I have a working IPSec VPN setup on my opnense firwall using EAP-Radius (with os-freeradius) for Remote Authentication. I can connect to the vpn using an android (strongswan app) and an iphone (native vpn). When doing so i have no errors or any other problems (Tunneling the traffic of the two phones via the firewall to the internet works fine).
However, the second i enable a second interface on the firewall (besides the WAN interface), namely the LAN interface, the IPSec VPN Authentication is broken.

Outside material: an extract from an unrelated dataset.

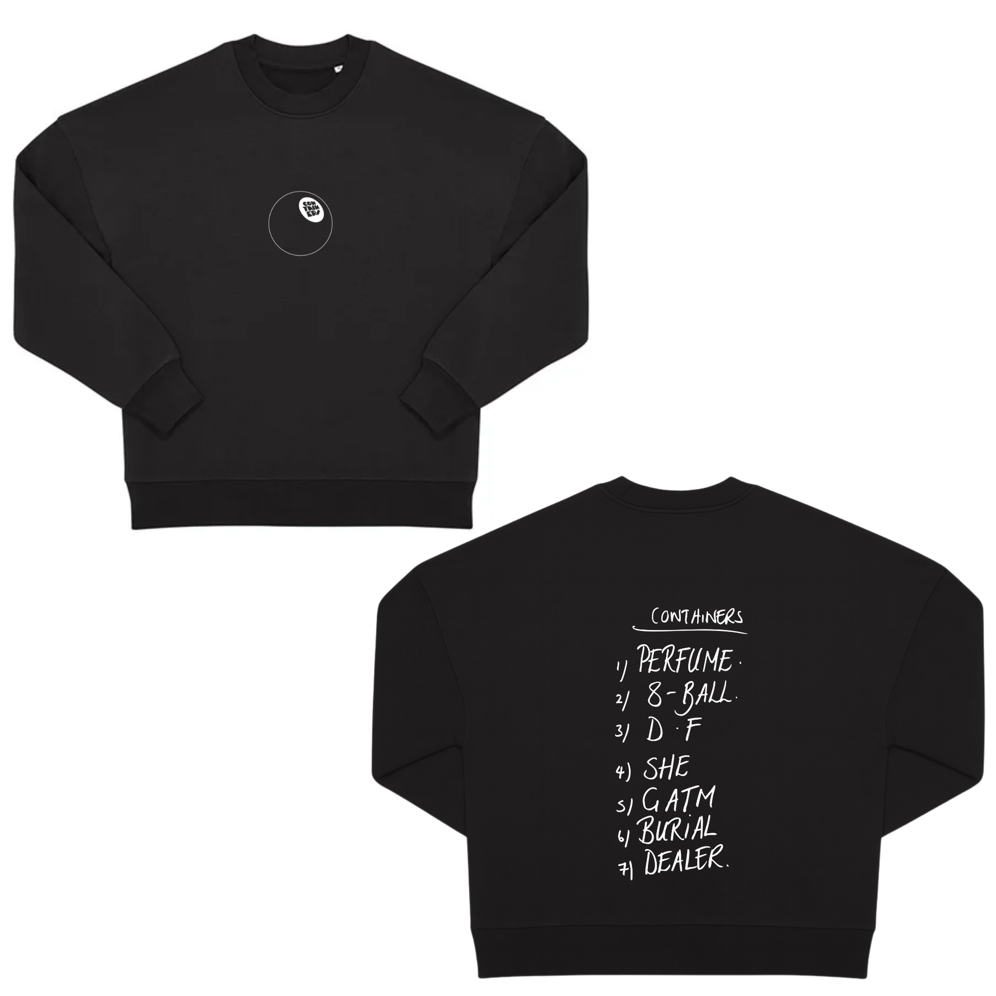 This official THE CONTAINERS crewneck keeps it minimal on the front with a small chest hit, while the back features a handwritten-style tracklist print — raw, direct, and unmistakably Containers.

I cannot connect to the VPN anymore and i get this error message:
IPSec Server Log:
2025-03-19T10:41:42 Informational charon 10[NET] <4> sending packet: from [Server-IP][500] to [Client-IP][18063] (36 bytes)
2025-03-19T10:41:42 Informational charon 10[ENC] <4> generating IKE_SA_INIT response 0 [ N(NO_PROP) ]
2025-03-19T10:41:42 Informational charon 10[IKE] <4> no IKE config found for [Server-IP]...[Client-IP], sending NO_PROPOSAL_CHOSEN
2025-03-19T10:41:42 Informational charon 10[ENC] <4> parsed IKE_SA_INIT request 0 [ SA KE No N(NATD_S_IP) N(NATD_D_IP) N(FRAG_SUP) N(HASH_ALG) N(REDIR_SUP) ]
2025-03-19T10:41:42 Informational charon 10[NET] <4> received packet: from [Client-IP][18063] to [Server-IP][500] (948 bytes)
Client Log (android (strongswan)):
[IKE] received NO_PROPOSAL_CHOSEN notify error
To fix this error i have to disable the interface again, and reboot the firewall in order to make it work again. Just disabling the interface wont do the trick, i have to reboot the firewall too.
I also experienced the same error when i was enabling a wireguard instance (while ipsec was already running). The same steps had to be take in order to make it work again (Disable wiregurad instance, reboot the firewall).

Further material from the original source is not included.